# Data under study
· · · · ·
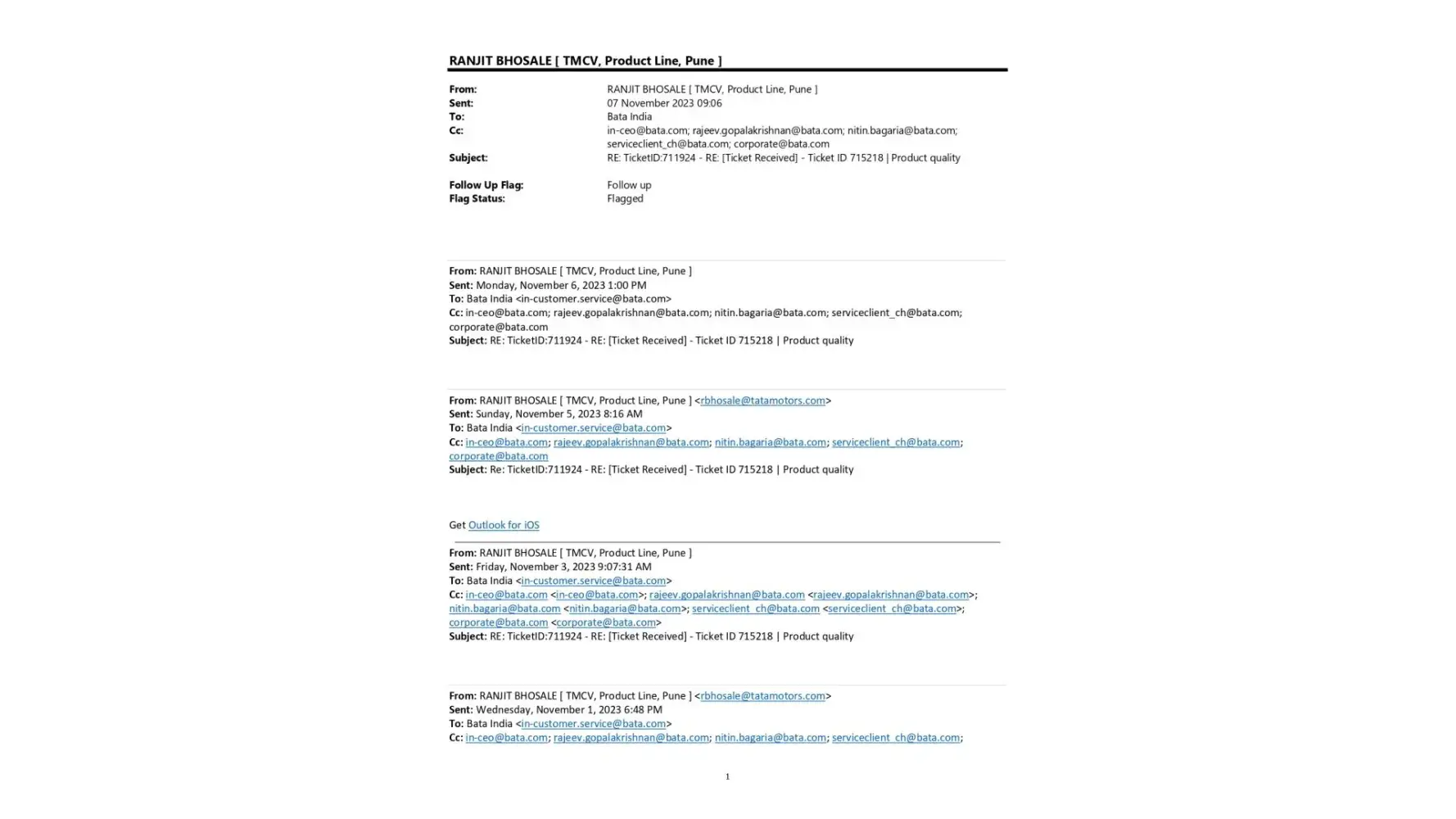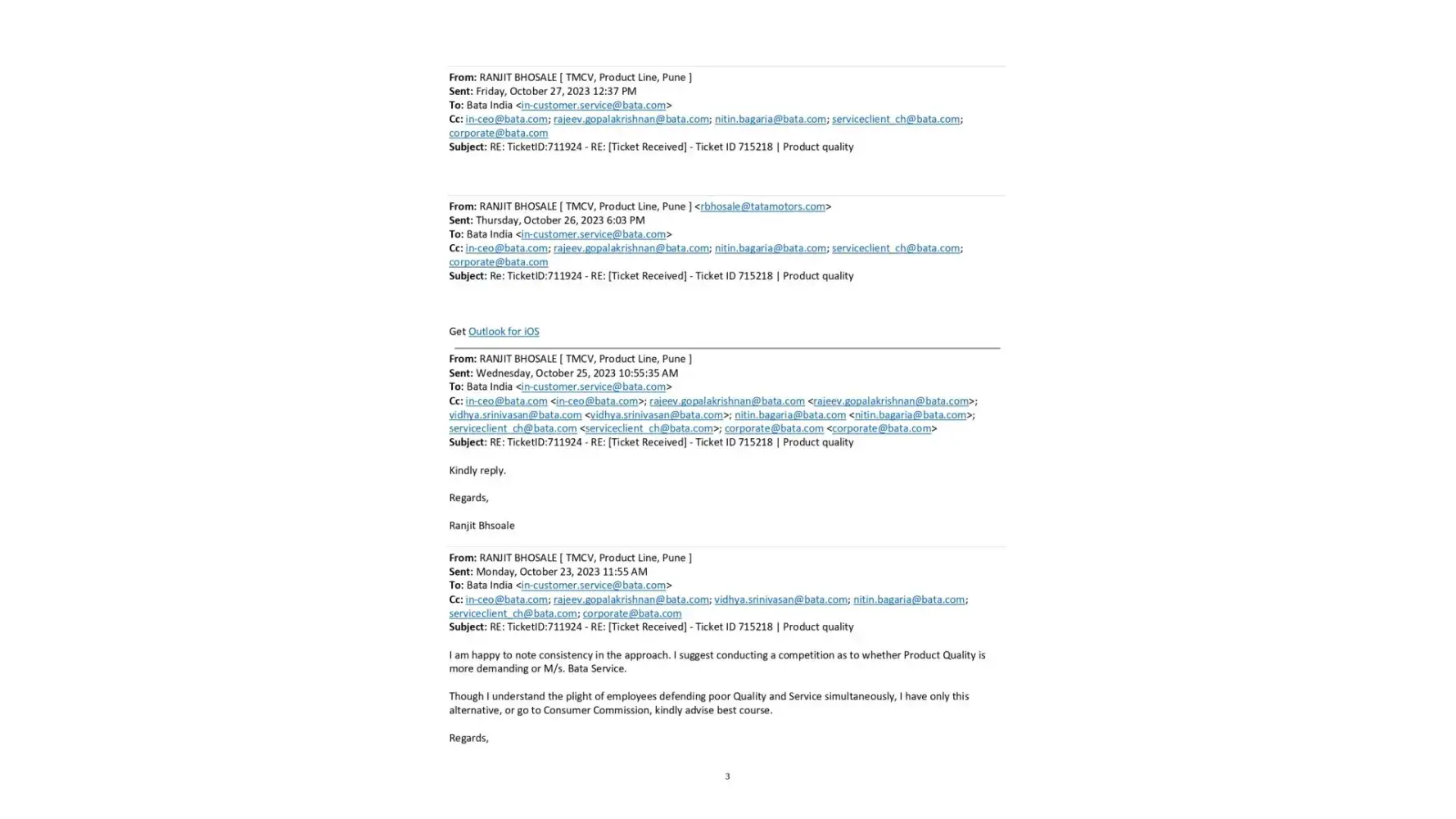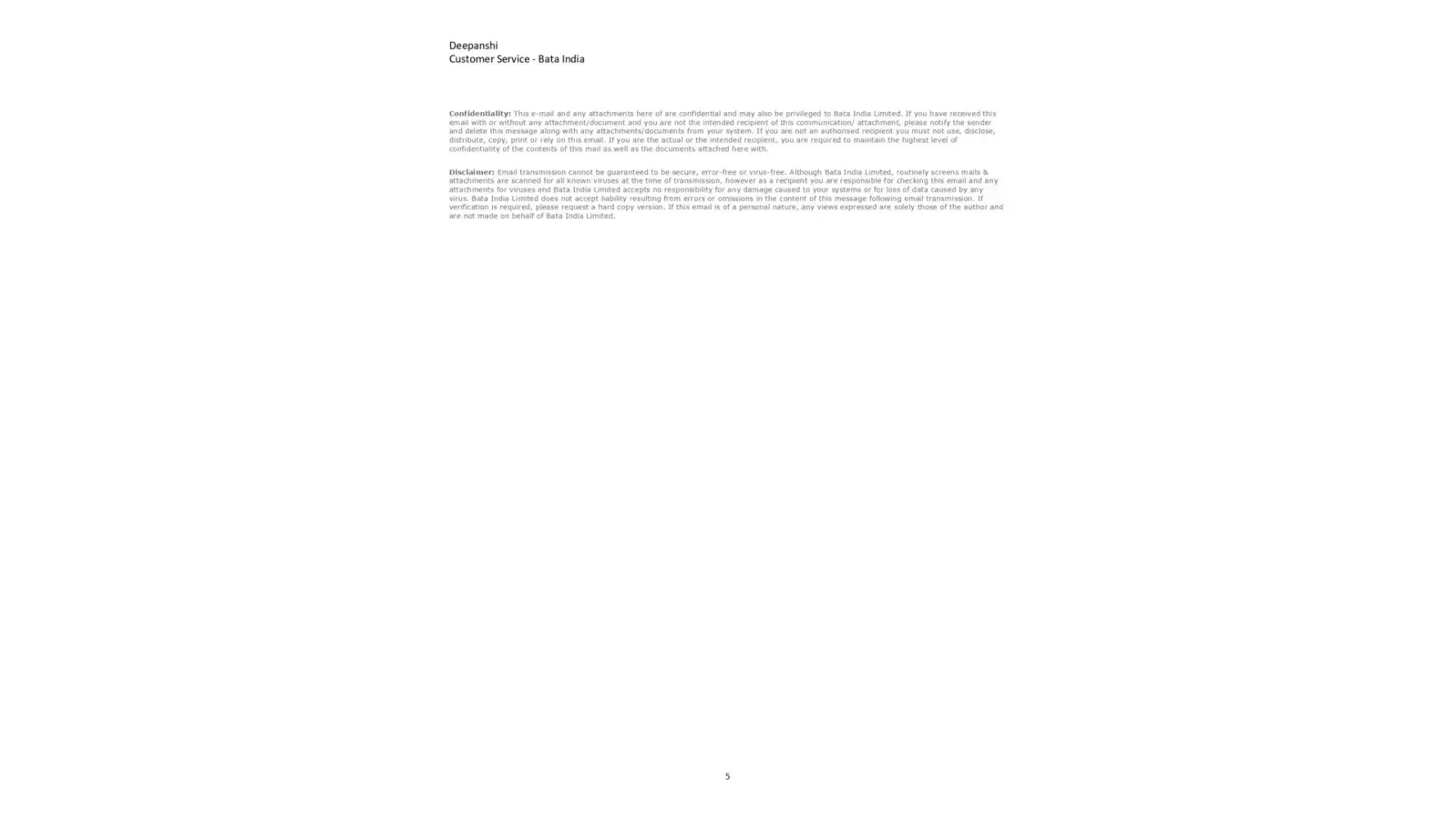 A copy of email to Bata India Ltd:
· · · · ·
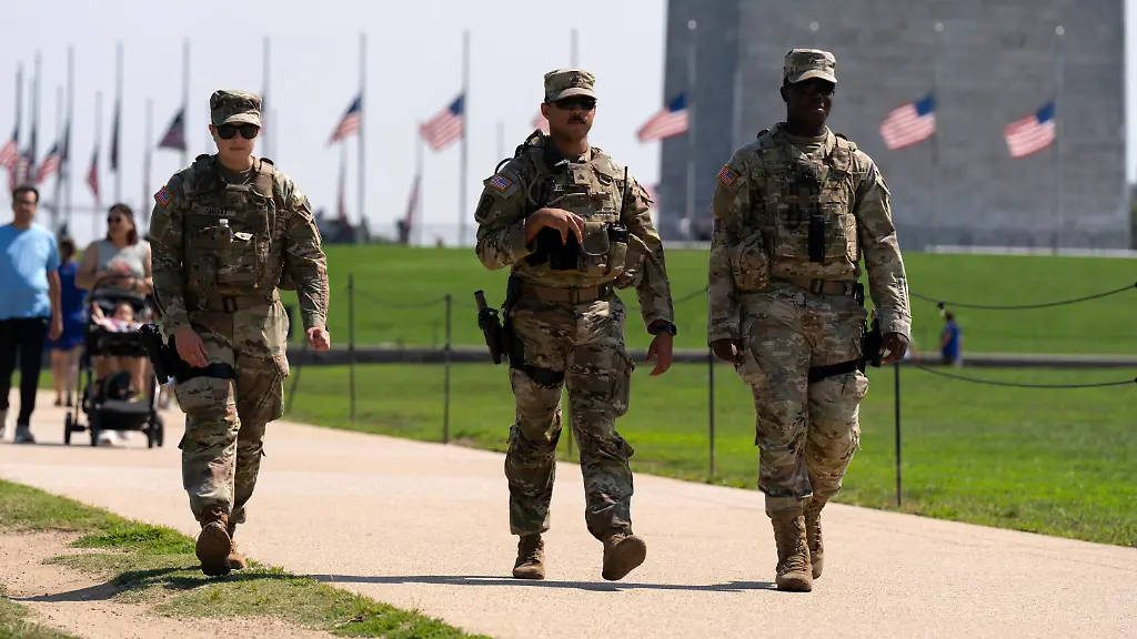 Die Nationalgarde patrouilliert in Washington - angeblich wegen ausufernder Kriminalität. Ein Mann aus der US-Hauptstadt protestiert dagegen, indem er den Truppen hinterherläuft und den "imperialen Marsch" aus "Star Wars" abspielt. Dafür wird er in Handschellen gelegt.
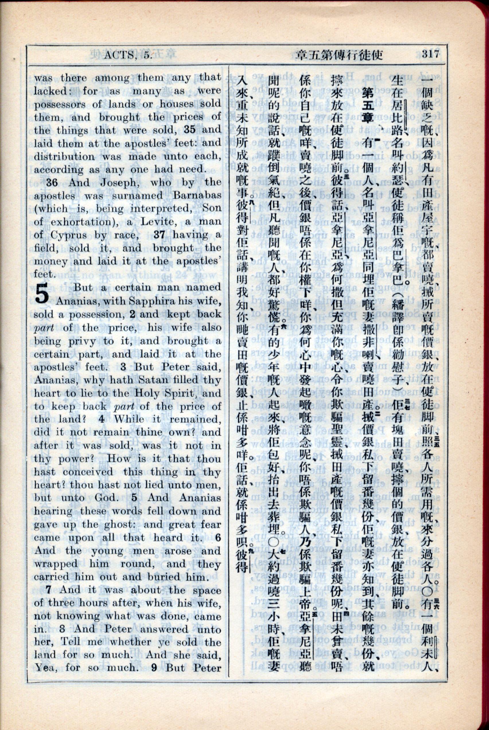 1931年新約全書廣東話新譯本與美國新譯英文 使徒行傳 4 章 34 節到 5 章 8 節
· · · · ·
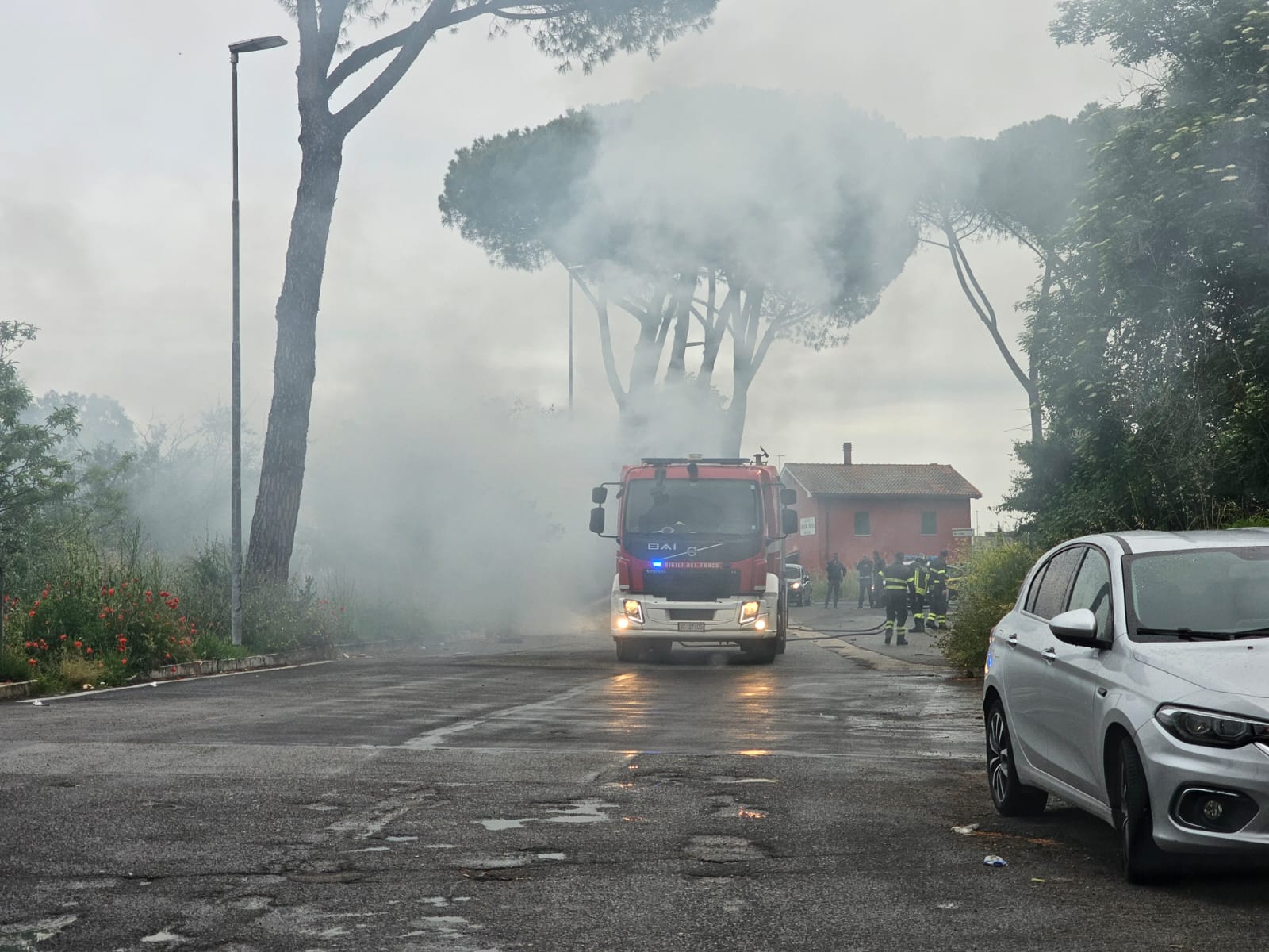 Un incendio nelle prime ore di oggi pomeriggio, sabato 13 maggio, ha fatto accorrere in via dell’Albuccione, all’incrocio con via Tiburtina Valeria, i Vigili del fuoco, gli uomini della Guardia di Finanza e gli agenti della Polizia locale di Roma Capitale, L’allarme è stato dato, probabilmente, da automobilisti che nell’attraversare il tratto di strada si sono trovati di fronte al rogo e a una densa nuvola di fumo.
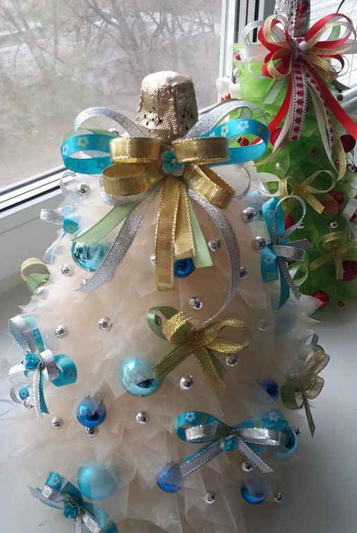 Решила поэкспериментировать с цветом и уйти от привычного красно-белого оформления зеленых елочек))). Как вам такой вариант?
· · · · ·
# Task instructions
With pictures excluded, reproduce exactly the lines above from the one containing "Die Nationalgarde patrouilliert" down to the one containing "1931年新約全書廣東話新譯本與美國新譯英文 使徒行傳 4", those two included.

# Solved exercise
 Die Nationalgarde patrouilliert in Washington - angeblich wegen ausufernder Kriminalität. Ein Mann aus der US-Hauptstadt protestiert dagegen, indem er den Truppen hinterherläuft und den "imperialen Marsch" aus "Star Wars" abspielt. Dafür wird er in Handschellen gelegt.
 1931年新約全書廣東話新譯本與美國新譯英文 使徒行傳 4 章 34 節到 5 章 8 節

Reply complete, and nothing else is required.